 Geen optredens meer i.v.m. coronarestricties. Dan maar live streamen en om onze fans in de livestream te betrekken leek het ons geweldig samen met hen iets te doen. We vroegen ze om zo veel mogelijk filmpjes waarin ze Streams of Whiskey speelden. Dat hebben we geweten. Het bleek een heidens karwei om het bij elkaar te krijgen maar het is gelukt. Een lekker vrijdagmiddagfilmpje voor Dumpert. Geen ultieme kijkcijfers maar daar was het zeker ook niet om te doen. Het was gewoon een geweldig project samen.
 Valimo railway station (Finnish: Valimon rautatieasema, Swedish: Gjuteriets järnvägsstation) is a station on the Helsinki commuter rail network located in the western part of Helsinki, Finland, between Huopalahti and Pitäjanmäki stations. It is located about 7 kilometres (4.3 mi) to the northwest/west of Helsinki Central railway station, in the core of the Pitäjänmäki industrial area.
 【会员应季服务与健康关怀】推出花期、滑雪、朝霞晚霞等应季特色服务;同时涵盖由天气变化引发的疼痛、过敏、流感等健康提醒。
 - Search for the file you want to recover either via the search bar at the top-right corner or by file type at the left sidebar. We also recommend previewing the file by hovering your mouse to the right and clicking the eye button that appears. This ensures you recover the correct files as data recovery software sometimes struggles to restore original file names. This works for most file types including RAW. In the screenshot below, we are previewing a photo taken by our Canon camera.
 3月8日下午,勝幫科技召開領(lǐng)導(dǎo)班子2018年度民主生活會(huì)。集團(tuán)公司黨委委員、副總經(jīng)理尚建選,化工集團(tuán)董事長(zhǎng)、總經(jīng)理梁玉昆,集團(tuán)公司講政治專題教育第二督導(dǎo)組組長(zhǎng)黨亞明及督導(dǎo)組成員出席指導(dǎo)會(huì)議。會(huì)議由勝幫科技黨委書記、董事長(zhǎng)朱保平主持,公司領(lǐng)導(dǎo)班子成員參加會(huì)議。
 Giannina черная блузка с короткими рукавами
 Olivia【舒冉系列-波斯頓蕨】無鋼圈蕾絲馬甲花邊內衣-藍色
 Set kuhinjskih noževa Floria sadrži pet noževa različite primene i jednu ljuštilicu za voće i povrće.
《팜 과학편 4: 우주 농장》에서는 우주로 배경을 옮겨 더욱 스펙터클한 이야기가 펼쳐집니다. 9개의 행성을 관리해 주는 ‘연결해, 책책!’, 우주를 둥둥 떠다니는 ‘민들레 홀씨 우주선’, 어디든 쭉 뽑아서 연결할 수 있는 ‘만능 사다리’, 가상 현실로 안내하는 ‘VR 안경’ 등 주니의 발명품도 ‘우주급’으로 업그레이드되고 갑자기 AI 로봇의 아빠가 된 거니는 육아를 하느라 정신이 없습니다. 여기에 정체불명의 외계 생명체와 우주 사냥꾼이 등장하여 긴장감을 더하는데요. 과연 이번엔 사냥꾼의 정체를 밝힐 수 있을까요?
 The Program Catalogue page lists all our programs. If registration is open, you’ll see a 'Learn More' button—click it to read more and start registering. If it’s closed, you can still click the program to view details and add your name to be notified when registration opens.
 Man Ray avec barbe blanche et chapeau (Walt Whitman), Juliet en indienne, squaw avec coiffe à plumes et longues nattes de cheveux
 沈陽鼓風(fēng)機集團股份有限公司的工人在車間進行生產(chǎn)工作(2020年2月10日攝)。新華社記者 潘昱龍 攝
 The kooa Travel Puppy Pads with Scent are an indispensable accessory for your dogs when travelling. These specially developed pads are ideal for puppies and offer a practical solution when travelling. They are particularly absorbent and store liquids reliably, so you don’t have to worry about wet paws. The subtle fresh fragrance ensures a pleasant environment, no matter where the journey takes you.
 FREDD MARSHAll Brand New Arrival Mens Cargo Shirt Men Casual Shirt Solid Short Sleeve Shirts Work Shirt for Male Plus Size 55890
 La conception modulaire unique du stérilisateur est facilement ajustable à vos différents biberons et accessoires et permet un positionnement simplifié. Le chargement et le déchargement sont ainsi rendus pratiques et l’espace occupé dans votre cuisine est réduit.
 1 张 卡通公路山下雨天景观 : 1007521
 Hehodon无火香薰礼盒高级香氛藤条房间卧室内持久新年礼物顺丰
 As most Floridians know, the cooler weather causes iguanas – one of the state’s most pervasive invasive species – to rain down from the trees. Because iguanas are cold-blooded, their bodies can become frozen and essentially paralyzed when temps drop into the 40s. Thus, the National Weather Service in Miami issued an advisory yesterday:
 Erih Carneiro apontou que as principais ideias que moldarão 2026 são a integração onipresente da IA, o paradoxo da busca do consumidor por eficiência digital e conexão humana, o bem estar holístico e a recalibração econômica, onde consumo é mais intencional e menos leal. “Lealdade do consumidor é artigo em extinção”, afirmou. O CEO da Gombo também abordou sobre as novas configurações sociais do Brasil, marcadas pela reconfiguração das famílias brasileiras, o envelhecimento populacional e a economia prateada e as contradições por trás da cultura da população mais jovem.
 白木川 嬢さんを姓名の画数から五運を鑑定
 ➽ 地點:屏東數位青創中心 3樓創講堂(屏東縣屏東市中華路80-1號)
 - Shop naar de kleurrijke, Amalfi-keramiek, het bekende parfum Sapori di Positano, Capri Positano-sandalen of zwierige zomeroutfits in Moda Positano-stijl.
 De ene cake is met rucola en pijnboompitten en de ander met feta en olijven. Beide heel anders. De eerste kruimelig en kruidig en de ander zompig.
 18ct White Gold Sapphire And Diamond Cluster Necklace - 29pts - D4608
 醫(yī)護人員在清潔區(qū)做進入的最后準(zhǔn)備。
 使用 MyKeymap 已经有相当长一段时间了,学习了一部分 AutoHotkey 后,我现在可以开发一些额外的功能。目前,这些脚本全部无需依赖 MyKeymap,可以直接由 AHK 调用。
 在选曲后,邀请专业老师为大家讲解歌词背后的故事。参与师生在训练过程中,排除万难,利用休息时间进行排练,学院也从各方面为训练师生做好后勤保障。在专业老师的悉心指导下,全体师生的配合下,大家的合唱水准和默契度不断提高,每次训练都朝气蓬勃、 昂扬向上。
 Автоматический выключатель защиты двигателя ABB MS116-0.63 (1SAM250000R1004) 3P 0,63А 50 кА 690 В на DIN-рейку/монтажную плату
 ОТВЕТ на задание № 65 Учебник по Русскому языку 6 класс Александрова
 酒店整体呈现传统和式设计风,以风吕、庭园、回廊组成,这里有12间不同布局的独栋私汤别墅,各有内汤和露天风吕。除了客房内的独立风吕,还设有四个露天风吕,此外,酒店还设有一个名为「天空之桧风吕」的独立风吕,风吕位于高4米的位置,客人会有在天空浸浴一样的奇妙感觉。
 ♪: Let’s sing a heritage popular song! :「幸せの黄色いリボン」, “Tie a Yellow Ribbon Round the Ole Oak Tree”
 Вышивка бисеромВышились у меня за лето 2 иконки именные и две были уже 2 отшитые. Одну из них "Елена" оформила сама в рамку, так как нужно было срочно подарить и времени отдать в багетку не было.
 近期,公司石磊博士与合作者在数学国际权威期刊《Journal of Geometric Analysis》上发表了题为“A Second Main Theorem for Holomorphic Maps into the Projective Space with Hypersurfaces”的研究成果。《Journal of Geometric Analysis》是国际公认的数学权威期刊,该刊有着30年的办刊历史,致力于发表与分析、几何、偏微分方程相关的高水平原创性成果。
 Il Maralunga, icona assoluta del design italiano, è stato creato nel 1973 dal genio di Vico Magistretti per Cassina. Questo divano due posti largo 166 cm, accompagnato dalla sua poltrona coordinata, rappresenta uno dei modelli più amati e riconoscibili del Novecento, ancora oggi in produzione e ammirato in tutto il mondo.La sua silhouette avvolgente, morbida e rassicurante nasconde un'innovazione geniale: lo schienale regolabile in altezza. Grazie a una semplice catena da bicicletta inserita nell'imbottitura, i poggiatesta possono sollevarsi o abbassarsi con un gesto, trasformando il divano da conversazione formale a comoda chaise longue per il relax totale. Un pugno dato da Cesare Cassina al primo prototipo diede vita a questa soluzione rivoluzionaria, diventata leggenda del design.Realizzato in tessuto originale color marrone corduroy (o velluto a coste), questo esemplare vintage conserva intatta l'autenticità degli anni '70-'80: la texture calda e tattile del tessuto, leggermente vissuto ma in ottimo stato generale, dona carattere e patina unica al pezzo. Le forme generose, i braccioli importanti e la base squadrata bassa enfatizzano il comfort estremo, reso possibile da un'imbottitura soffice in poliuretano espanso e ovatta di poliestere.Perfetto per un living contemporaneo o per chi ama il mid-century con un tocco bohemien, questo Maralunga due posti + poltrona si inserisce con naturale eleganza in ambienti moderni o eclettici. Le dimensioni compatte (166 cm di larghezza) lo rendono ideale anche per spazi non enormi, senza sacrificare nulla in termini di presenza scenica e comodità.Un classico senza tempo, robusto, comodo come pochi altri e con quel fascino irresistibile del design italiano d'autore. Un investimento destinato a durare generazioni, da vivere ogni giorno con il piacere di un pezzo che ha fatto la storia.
########################################
The string "with" shows up in some lines of the listing. Copy each such line.

 The kooa Travel Puppy Pads with Scent are an indispensable accessory for your dogs when travelling. These specially developed pads are ideal for puppies and offer a practical solution when travelling. They are particularly absorbent and store liquids reliably, so you don’t have to worry about wet paws. The subtle fresh fragrance ensures a pleasant environment, no matter where the journey takes you.
 近期,公司石磊博士与合作者在数学国际权威期刊《Journal of Geometric Analysis》上发表了题为“A Second Main Theorem for Holomorphic Maps into the Projective Space with Hypersurfaces”的研究成果。《Journal of Geometric Analysis》是国际公认的数学权威期刊,该刊有着30年的办刊历史,致力于发表与分析、几何、偏微分方程相关的高水平原创性成果。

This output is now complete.